Tuesday, June 21, 2011

ParsCit Updated

The ParsCit team has also been updating the ParsCit package, and is happy to announce a new version that improves on classification accuracy, especially for general science journals. This version also adds a module that further processes XML files that are the output of the commercial Omnipage OCR engine. The version also benefits from a number of user-contributed fixes and training data, such as separating volume and issue numbers for journals, and export of parsed reference strings into EndNote, MODS, BibTeX or other metadata formats via the BiblioScript library.

You can either download a copy of ParsCit for your own use, or use it through a web services interface. We welcome your feedback and hope that if you use ParsCit or any other freely available reference string parsing tool that you can contribute annotated data to help make these models more robust.

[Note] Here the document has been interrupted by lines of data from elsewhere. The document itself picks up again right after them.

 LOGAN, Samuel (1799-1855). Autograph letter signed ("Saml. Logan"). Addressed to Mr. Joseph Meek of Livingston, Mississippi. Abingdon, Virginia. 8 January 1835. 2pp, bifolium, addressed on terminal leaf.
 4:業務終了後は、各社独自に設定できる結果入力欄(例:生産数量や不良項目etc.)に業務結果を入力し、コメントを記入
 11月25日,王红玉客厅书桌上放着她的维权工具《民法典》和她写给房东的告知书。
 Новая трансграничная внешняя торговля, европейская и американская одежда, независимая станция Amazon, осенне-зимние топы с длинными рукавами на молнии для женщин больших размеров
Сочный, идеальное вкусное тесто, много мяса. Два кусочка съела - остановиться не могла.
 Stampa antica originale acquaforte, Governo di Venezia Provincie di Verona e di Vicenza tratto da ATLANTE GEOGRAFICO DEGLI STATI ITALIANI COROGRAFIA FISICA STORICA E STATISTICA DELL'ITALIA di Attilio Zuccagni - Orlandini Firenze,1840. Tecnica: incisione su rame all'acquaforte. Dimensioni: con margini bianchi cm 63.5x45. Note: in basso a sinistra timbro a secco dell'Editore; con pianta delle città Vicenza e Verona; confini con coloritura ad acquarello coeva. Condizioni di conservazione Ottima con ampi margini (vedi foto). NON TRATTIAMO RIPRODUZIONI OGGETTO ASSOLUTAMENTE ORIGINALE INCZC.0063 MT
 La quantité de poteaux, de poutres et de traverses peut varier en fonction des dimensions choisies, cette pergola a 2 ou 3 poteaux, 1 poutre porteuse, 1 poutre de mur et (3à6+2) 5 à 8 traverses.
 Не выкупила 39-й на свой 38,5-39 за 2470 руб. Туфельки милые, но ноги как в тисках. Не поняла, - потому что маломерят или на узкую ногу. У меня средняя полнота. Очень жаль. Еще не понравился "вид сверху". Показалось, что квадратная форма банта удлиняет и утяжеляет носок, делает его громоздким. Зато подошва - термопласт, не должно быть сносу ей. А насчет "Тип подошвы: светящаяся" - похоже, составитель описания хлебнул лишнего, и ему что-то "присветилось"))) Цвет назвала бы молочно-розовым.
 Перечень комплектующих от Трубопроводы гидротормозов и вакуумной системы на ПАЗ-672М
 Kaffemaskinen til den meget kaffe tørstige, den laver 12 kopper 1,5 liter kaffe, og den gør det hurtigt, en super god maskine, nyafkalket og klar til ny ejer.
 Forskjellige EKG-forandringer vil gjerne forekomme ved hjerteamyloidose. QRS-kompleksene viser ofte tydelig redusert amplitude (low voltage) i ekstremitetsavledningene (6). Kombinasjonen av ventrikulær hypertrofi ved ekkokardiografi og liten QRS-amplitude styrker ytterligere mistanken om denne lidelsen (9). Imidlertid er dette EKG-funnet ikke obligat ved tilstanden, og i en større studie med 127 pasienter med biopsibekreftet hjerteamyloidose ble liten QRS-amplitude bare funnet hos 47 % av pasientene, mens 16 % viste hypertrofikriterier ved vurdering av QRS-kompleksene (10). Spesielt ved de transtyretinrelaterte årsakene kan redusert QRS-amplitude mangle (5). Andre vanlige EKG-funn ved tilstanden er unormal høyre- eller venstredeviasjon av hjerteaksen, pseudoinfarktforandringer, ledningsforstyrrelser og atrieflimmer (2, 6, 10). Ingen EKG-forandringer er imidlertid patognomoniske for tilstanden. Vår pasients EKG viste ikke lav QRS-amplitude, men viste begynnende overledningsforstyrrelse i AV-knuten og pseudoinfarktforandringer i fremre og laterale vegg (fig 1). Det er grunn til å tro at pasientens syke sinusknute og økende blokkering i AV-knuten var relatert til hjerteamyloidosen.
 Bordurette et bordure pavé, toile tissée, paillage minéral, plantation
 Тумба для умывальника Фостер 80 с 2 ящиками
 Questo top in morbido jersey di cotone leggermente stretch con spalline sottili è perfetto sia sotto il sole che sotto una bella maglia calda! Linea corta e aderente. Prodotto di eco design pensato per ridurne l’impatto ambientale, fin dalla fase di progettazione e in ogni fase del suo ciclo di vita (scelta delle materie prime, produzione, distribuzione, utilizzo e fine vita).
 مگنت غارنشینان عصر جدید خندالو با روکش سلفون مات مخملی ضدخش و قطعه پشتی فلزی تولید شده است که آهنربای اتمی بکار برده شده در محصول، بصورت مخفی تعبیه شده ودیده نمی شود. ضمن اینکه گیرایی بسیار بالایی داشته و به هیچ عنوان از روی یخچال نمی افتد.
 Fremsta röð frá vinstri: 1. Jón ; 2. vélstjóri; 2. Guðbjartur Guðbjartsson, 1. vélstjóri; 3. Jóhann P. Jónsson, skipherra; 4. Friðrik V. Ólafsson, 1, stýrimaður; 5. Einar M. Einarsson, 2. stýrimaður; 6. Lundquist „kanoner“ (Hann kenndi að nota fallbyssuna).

ParsCit (and its online demos) are available from:

ParsCit is open source software that is used by many projects worldwide, and not just in experimental, research and academic places, but in commercial enterprises as well. Mendeley is using ParsCit to parse references from contributed papers, as is the Citations in Economics (CitEc) project.

Bruce said...

Do you have insight into this rather odd note on the source code - "We have also pushed a copy of the ParsCit current distribution into GitHub. While we'll strive to keep the GitHub version as updated as possible, the versions on this page will remain the most authoritative for major updates. "?

Seems to me quite backward.